MAC: Mines and Communities

What happens when a "driverless" train loses its driver?

Published by MAC on 2018-11-08
Source: ABC News, London Calling

London Calling challenges the digitalisation of "new mining"

BHP Billiton and Rio Tinto are both proud promoters of techology designed to autonomise, and economise, their mining operations, ultimately making mining the victor in the contemporary battle between human and artifical intelligence.

This is much like the contest between the medical profession and algorythmic geeks over curing challenging diseases: good for the digital discoverers, doubtless offering hope for those in the global south who, while woefully deprived of hands-on treatment by doctors, nonetheless possess multitudes of i-phones offering diagnoses at a few clicks of a button.

Of course, the "new mining" paradigm doesn't absent human beings from the back seat role of monitoring and controlling the digging up and transporting raw material, though many workers may lose their jobs in the process.

However, when a train loses its driver, who just popped out for a moment, and a company is forced to derail and wreck the engines and carriages - at a cost of lost days and millions of dollars - it surely doesn't augur well for the future.

George Orwell converted his alarming, dystopian, novel 1984, from its original setting in 1948, thus rendering it more relevant for public consumption. The horrendous vision of a takeover by machines of human society interactivity and functions remains with us all.

The prospect of a re-occurence of an accident like the one this week, in Australia's iron ore region of the Pilbara, doesn't seem to concern BHP (which didn't even address the issue at its Australian AGM held later, until it was prompted by a shareholder), nor Rio Tinto. After all, no creature seem to have been hurt, although the hapless driver may be sacked,

Both outfits will continue building and running "driverless" trains - and if necesary driving them into the ground. This is the logic of the entire exercise: 'Let's just get on with developing better technology to reduce the risks'.

But, if such apparitions of "ghosts in the machine" carry on, what will the rest of us be facing in forty or so years time?

The minor mishap of 2018 - or the nightmare scenario of 2081?

[London Calling is published by Nostromo Research and does not necessarily represent the views of any other author. Reproduction is welcomed under a Creative Commons Licence]

Runaway BHP train deliberately derailed near Port Hedland after travelling 92km with no driver

ABC News

6 November 2018

A runaway train laden with iron ore has been deliberately derailed by BHP after it travelled for more than 90 kilometres without a driver in WA's remote Pilbara region.

The Australian Transport Safety Bureau (ATSB) said the fully laden train, made up of four locomotives and 268 wagons, was travelling from the mining town of Newman to Port Hedland at 4:40am on Monday, when the driver hopped out to inspect a wagon near Hester siding.

But the train took off from the siding before the driver could get back on board.

It travelled 92 kilometres in about 50 minutes, until it was derailed at a set of points about 120 kilometres from Port Hedland.

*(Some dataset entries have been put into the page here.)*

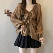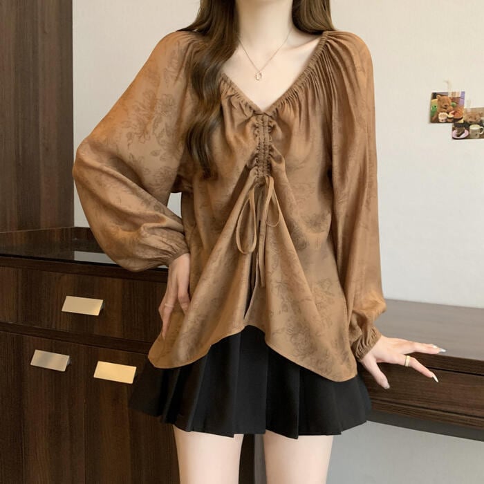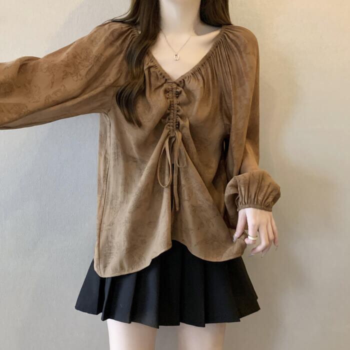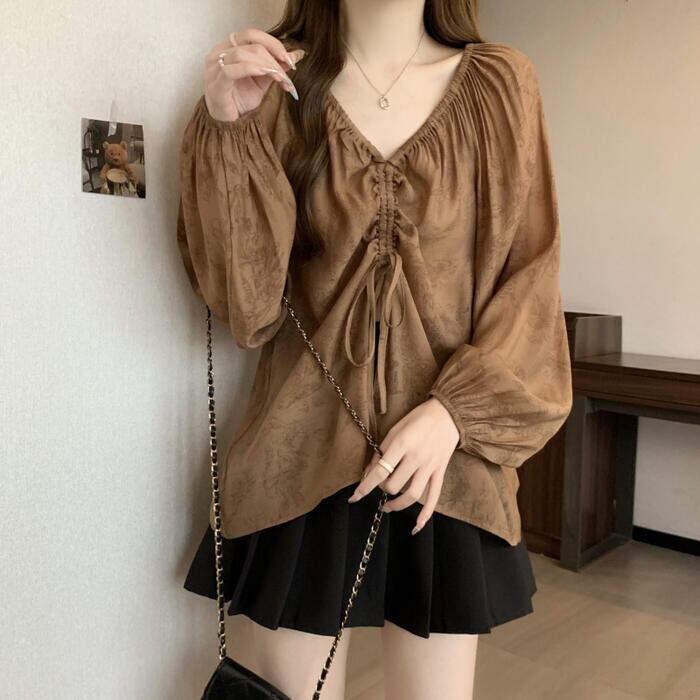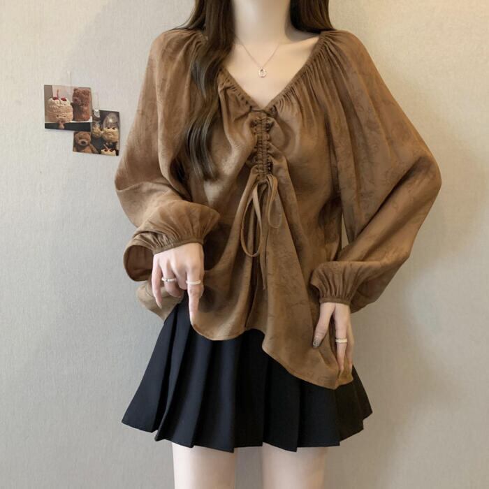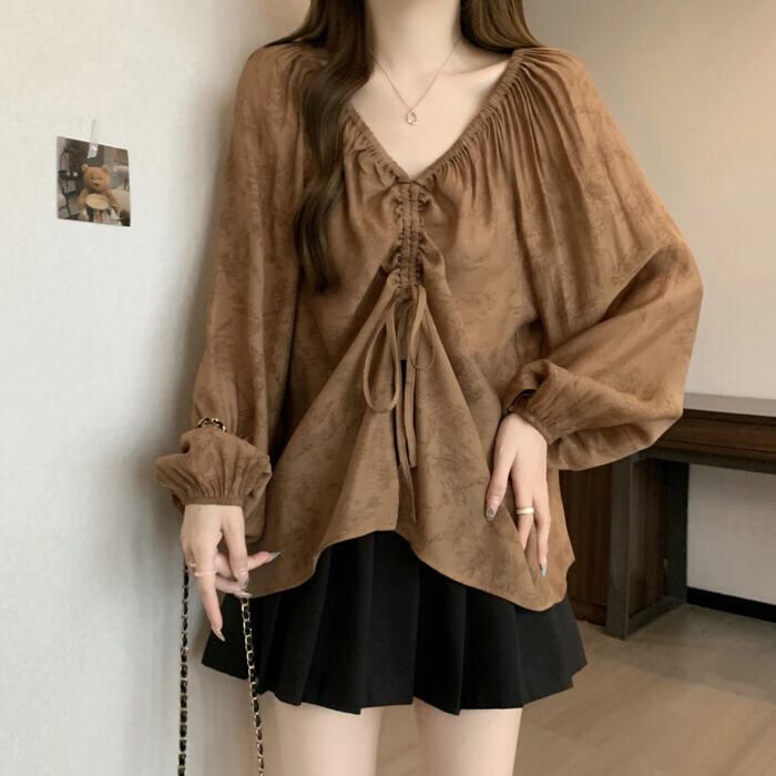 大きいサイズ トップス シャツ ブラウス Tシャツ カットソー リボン ギャザー パフスリーブ レディース エレガント 大人 可愛い きれいめ カジュアル フェミニン 長袖 ナチュラル Vネック 体型カバー ブラウン 春 秋 冬 20代 30代 40代 50代
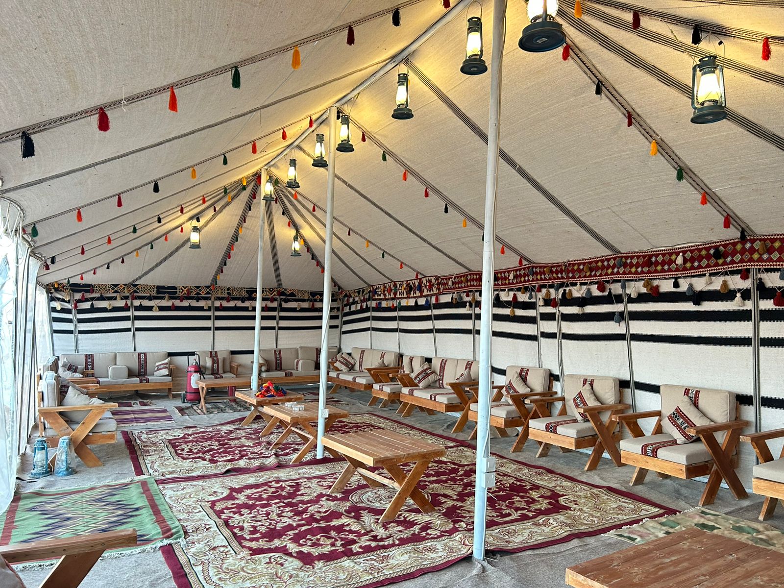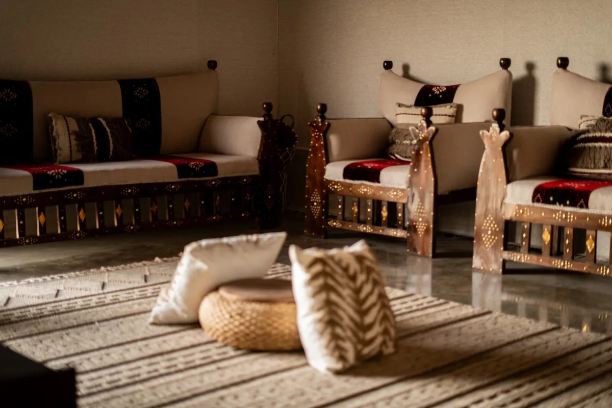 Two luxurious camps, each accommodating up to 50 guests and featuring 10 luxurious rooms. Each room includes a luxurious bathroom with a shower, a bed, and private indoor and outdoor seating areas.
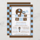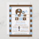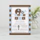 Convite moderno para chá de fraldas de elefante com um elefante-mãe fofo com seu elefante bebê colocado em um fundo de faixa azul e castanha escura com sotaque chocante e banners de pingente. Sacudir que o chá de fraldas dos nossos rapazes convide para ver uma correspondência para um toque especial extra. Perfeito para um chá de filhinho temático do elefante.
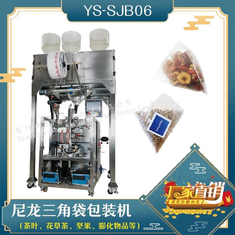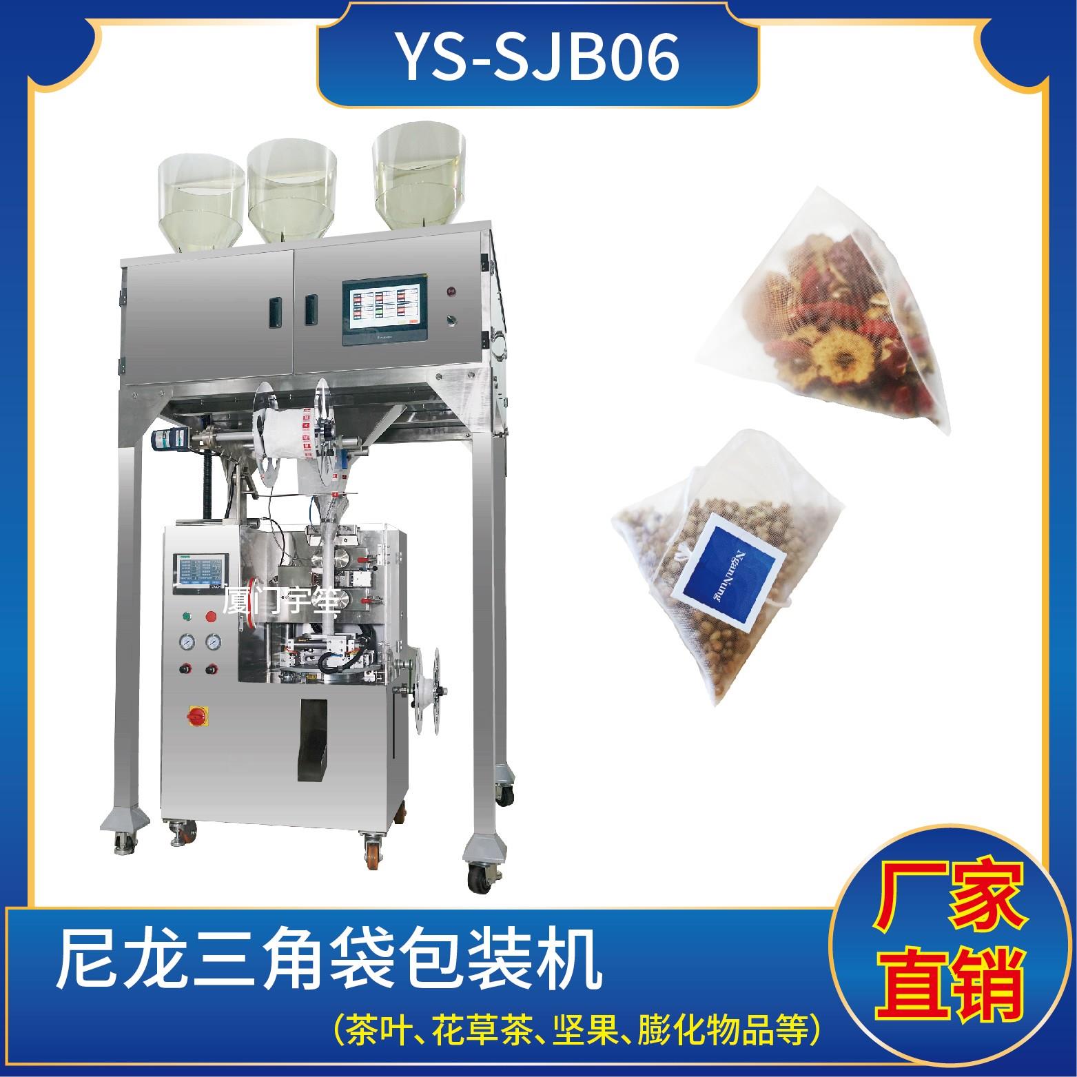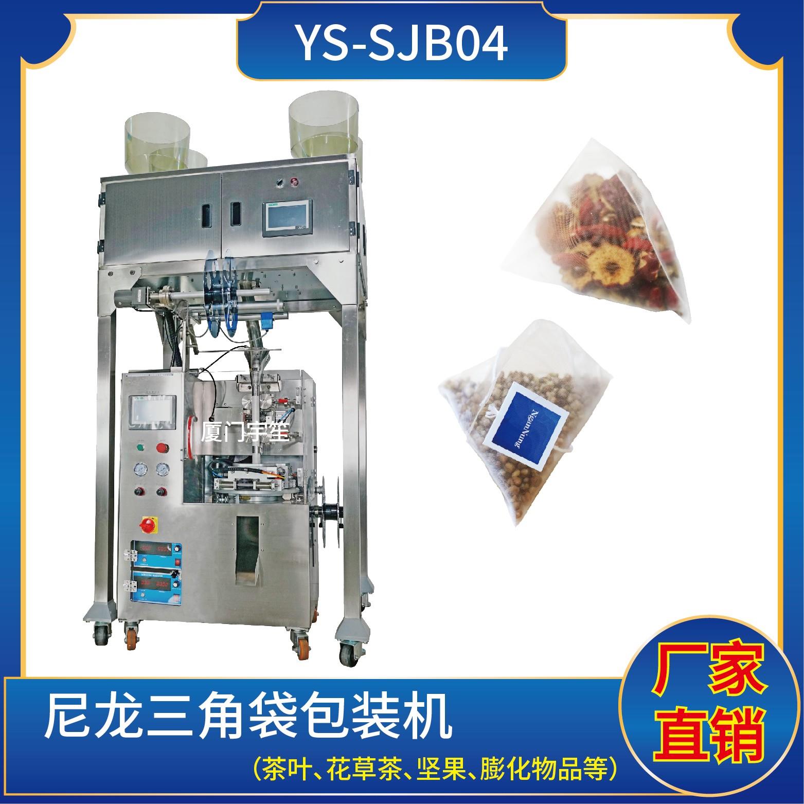 YS-SJB04-NW 三角包內(nèi)外袋包裝機(jī)一、特點(diǎn):1、適用于綠茶、紅茶、花茶、咖啡、中國茶、健康茶、中藥茶、顆粒等。2、可用于平面袋包裝、三角立體包裝等形式包裝袋。3、整機(jī)可自動完成上料、計(jì)量、制袋、封口、切斷、計(jì)數(shù)、成品輸送等功能。4、選用先進(jìn)超聲波封口,電子稱計(jì)量下料方式,封口牢固,下料準(zhǔn)確。5、包裝材料:尼龍…

That means the train reached average speeds of about 110 kilometres per hour.

BHP said the derailment was implemented from its Integrated Remote Operations Centre in Perth.

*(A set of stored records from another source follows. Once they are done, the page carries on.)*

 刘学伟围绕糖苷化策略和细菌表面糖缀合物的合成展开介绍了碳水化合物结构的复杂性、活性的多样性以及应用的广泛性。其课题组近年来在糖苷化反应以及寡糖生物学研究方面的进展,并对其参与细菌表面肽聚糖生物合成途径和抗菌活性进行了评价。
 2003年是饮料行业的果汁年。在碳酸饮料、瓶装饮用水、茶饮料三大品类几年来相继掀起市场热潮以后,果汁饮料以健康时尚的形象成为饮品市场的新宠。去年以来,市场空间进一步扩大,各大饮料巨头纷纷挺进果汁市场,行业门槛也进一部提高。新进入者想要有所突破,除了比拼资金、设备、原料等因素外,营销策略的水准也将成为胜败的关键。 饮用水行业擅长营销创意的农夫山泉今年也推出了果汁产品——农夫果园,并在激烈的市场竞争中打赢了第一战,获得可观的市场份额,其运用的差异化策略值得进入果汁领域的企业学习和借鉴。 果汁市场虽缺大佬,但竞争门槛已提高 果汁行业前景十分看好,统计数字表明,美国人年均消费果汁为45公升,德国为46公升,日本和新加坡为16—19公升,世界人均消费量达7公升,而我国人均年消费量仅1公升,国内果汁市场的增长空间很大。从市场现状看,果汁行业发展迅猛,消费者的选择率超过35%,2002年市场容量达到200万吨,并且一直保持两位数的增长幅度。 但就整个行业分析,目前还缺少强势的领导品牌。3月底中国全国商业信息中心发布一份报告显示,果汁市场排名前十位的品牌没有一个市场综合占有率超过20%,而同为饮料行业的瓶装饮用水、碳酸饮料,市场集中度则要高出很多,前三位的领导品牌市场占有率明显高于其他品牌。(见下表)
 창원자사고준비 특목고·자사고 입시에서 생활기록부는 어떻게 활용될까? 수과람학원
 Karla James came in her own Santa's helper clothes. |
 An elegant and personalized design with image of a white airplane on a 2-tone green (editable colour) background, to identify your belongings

The centre controls the company's Pilbara operations, including rail and port facilities.

The ATSB has begun an investigation into the incident, and a spokesman said it was hoping to interview the train driver as soon as possible.

BHP said no-one was injured in the derailment and it had suspended all train operations while the investigation was carried out.

"We are working with the appropriate authorities to investigate the situation," a company spokesperson said in a statement.
Cost 'might register in millions': analyst

Business analyst Tim Treadgold said the derailment would not have a major effect on BHP's cashflow or share price.

"In the overall scheme of things, this is a very small event," he said.

"Even if they lost three days of access to the rail line, which is possible, it's not a major event.

"We're talking about a company that deals in the billions of dollars, and this might register in the millions, but almost certainly not in the tens of millions."

The incident comes amid a push for driverless train technology, with fellow miner Rio Tinto making its first autonomous iron ore delivery in July.

Three locomotives carried around 28,000 tonnes of iron ore over 280 kilometres from Rio Tinto's mining operations in Tom Price to the port of Cape Lambert.

The load was monitored remotely from Rio Tinto's Operations Centre in Perth, more than 1,500 kilometres away.